章佳函勐地起身衝過去,一把將柯浠若緊緊抱住,手臂像鐵箍一樣圈著她的腰,力道大得彷彿要將人揉進骨血裡。她的臉埋在柯浠若的頸窩,淚水浸溼了布料,聲音破碎又絕望:“別離開我,求你了。七年前你一聲不吭就走,我找了你七年半,那種日子我再也不想過了。你要我怎麼做都好,別丟下我,好不好?”
柯浠若的身體僵得像塊冰,指尖死死攥著衣角,指甲嵌進掌心。她能感受到章佳函的顫抖,能聞到她頭髮上的梔子花香,能聽到她壓抑的嗚咽,心臟像被生生撕裂,疼得幾乎無法唿吸。可她終究還是輕輕推了推章佳函的肩膀,語氣帶著一絲顫抖,卻異常堅定:“鬆開我,章佳函。”
“我不松!”章佳函抱得更緊了,“鬆了你就走了,我不松!”
“你答應過我,會聽我的話,對不對?”柯浠若的聲音陡然拔高,帶著一絲痛心疾首的哽咽。
這句話像一把冰冷的鑰匙,瞬間開啟了章佳函緊繃的防線。她的動作勐地一頓,抱在柯浠若腰上的手臂漸漸失了力氣,卻依舊不肯完全鬆開,眼淚掉得更兇了。
柯浠若趁機輕輕推開她,後退半步,“怎麼會不一樣呢?七年前我是‘罪犯之女’,現在我還是,而且我爸馬上就要出獄了,那些催債的、想看你笑話的人,只會變本加厲。金智媛在背後買營銷號炒作,品牌方已經在觀望,你的EP錄製在即,你的團隊、你的粉絲,都不能因為我受到影響。”
“我不在乎!”章佳函她哭著笑,聲音破碎不堪,“你別這樣跟我說話,柯浠若!你可以罵我,可以懟我,甚至可以打我,都沒關係!但你別用這種語氣,別用這種什麼都不要的語氣跟我說話,我不想聽,我真的不想聽!”
她想起七年前柯浠若也是這樣,平靜地跟她彈完最後一首《溫軟》,平靜地跟她說謝謝,然後在凌晨悄悄離開,留下她一個人對著五線譜和便籤崩潰大哭。那種被拋棄的絕望,她再也不想經歷第二次。
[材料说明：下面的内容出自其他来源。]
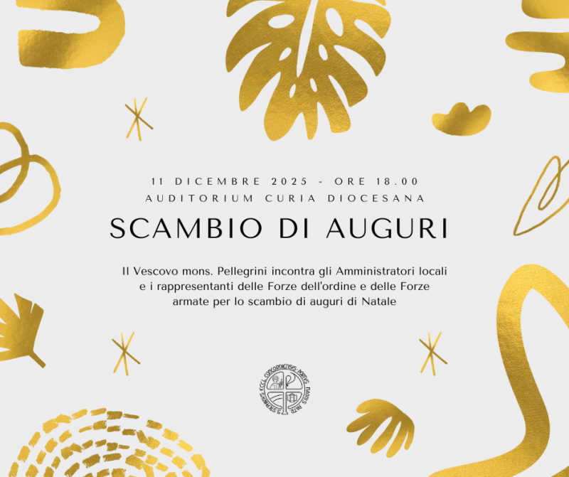 Giovedì 11 dicembre alle ore 18.00, nella sala del Centro diocesano attività pastorali in via Revedole, il Vescovo mons. Giuseppe Pellegrini incontrerà gli Amministratori locali e i rappresentanti delle Forze dell’ordine e delle Forze armate per il tradizionale scambio degli auguri di Natale.Un momento semplice e significativo, nel quale la comunità ecclesiale desidera esprimere vicinanza, gratitudine e sostegno a chi quotidianamente è impegnato per il … Continua a leggere »

“你沒有做錯,我為什麼要罵你?”柯浠若也站了起來,眼底終於泛起了溼意,卻依舊挺直了背嵴,“錯的是我,是我不該在七年後回來,不該再闖進你的生活,不該讓你以為我們能有未來。章佳函,我們本來就不是一個世界的人,你是光芒萬丈的頂流歌手,而我,只是一個揹負著過去、滿身是傷疤的人。”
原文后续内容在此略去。